From a pastor, To pastors: Are we doing a great disservice to our congregants?

From a pastor, To pastors: Are we doing a great disservice to our congregants? September 17, 2013

Having been in ministry for over 20 years, I have come to a conclusion about how we pastors do a great disservice to our congregants.

God has given us the awesome burden to lead local congregations – this is no small thing. This is huge. We are in charge of leading a group of God’s people. It is our responsibility to equip them for their ministries.

And we love our job.

We pastors are passionate about what we do. We read all the latest books and websites and blogs and magazines on how to be more effective in church ministry. We follow the tweets of all the greatest gurus of church leadership. We love to go to conferences. We are eager to talk to our elders, to our family (and to anyone else who will is willing!) about what we do in ministry. Our lives revolve around church – how to be more effective at this, how to reach more people with that.

This is good. This is our primary calling.

But here also lies our disservice.

This is not the primary calling of everyone else in our church.

Our people have different callings. This man is trying to get a small business off the ground. That woman is attempting to be the best doctor that she can be. Another man is wondering how he can impact the young people on the soccer team he coaches. This other woman is struggling in how to balance her career with being a mother. That young person is looking for guidance on what major to select in college. And on and on it goes.

They need us pastors. They need us to not be so wrapped up in the machinations of the church that we forget that they need to be equipped for life outside the life of the church. They need to know that all of us in this particular body of believers are in this together – to both make this particular church in here successful in doing its crucial ministries and to encourage each other as we live out our particular callings out there in the world.

Yes, it is proper for us pastors to be passionate about how we do church ministry with excellence for God’s glory. We are charged with the responsibility to proclaim the Word of God and to administer Baptism and Communion.

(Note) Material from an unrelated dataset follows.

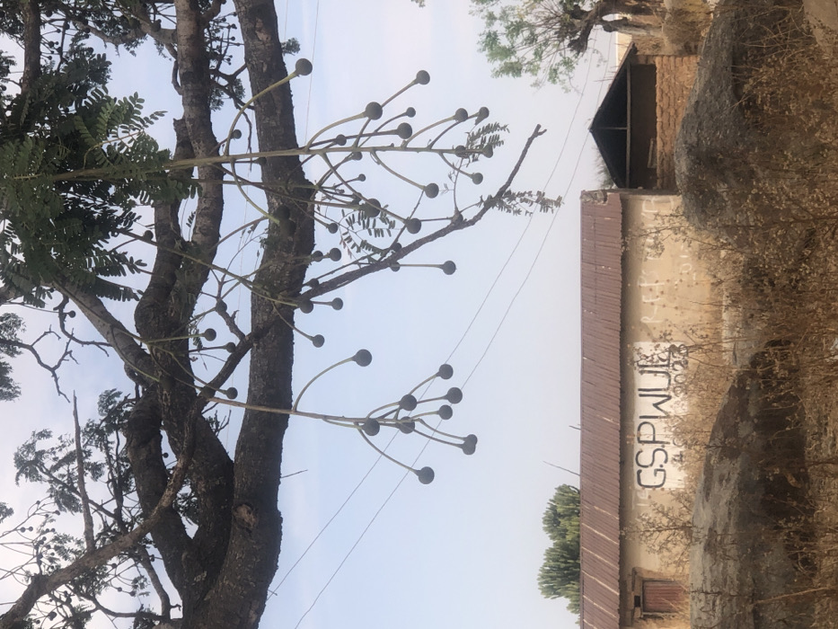 The image captures an outdoor scene in Mangu Halle, Nigeria, under daylight conditions. A large, mature tree occupies the upper half of the frame, its dark, gnarled branches extending broadly. Numerous pendulous stems hang from the branches, each terminating in a dark, spherical fruit or pod. Smaller clusters of green foliage are also visible on the tree. Utility lines are visible traversing the pale blue sky horizontally, positioned behind some of the tree's hanging elements. In the midground, a single-story building with light-colored, possibly stucco or plaster, walls and a reddish-brown corrugated metal roof is prominent. The white block letters "G.S.P.W.U.L." are spray-painted on its facade, with a partially visible date "2023" below. A simple wooden door is located on the left side of this building. To its right, a smaller, open-front structure made of stacked mud bricks with a dark, sloped roof is visible. The ground in the foreground is covered with dry, sparse, light brown vegetation and several large, irregular grey rocks. No individuals are present, and no actions or interactions are depicted.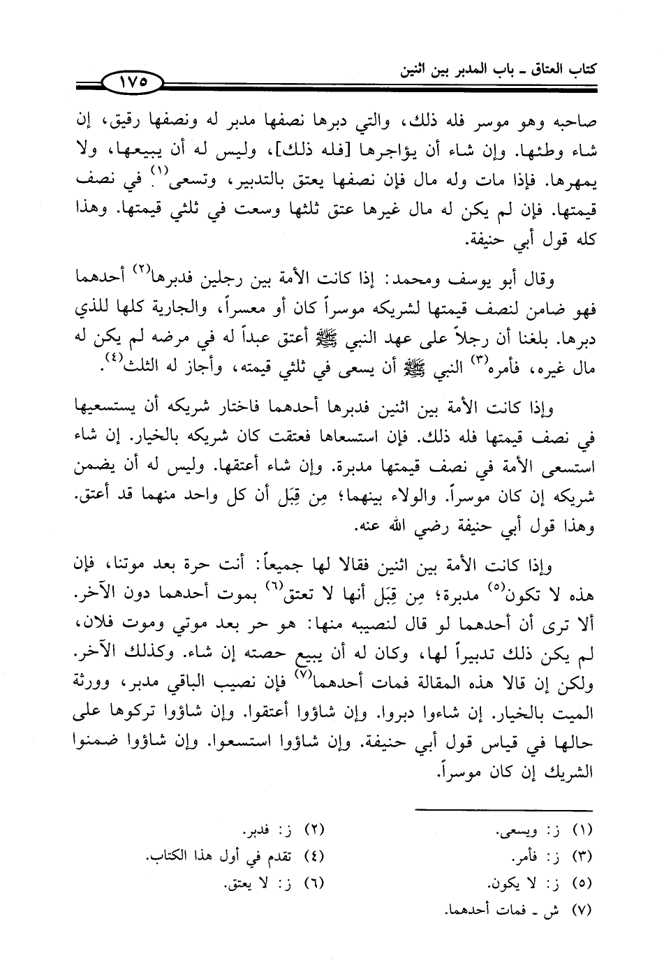 وإذا كانت الأمة بين اثنين فقالا لها جميعاً: أنت حرة بعد موتنا، فإن هذه لا تكون (¬5) مدبرة؛ مِن قِبَل أنها لا تعتق (¬6) بموت أحدهما دون الآخر. ألا ترى أن أحدهما لو قال لنصيبه منها: هو حر بعد موتي وموت فلان، لم يكن ذلك تدبيراً لها، وكان له أن يبيع حصته إن شاء. وكذلك الآخر. ولكن إن قالا هذه المقالة فمات أحدهما (¬7) فإن نصيب الباقي مدبر، وورثة الميت بالخيار. إن شاءوا دبروا. وإن شاؤوا أعتقوا. وإن شاؤوا تركوها على حالها في قياس قول أبي حنيفة. وإن شاؤوا استسعوا. وإن شاؤوا ضمنوا الشريك إن كان موسراً.

We have been given the task of assuring that all the rest of the important things we do as a church are done and done well: Children’s Ministries, Family Ministries, Marriage Ministries, Youth Ministries, Service and Benevolence Ministries, Teaching and Equipping Ministries, etc. There can be no diminishing the importance of these things.

Herein lies the rub. This is where it gets tricky. We are leading a church that requires that our people get involved and do their best in making these things happen so that all the important ministries of our church succeed. These things are really, really important.

But.

But they are not the sole callings of the people that are doing them. For many of our people, these things are not even the primary calling on their lives. They have lives outside the ministries of the local church. Their primary callings are out there.

When I stand in the pulpit and preach that God wants to use his people in great ways for the advancement of his Kingdom, I had better not make it sound like the only way that God’s people can do that is by being more involved in the ministries of the local church. I had better say that God’s kingdom is advanced through their callings, that is, in their various vocations. These vocations include what they do at work, how they raise their families, how they interact with their workmates, neighbors, and friends, what they study at school, and yes, where they volunteer here at the church.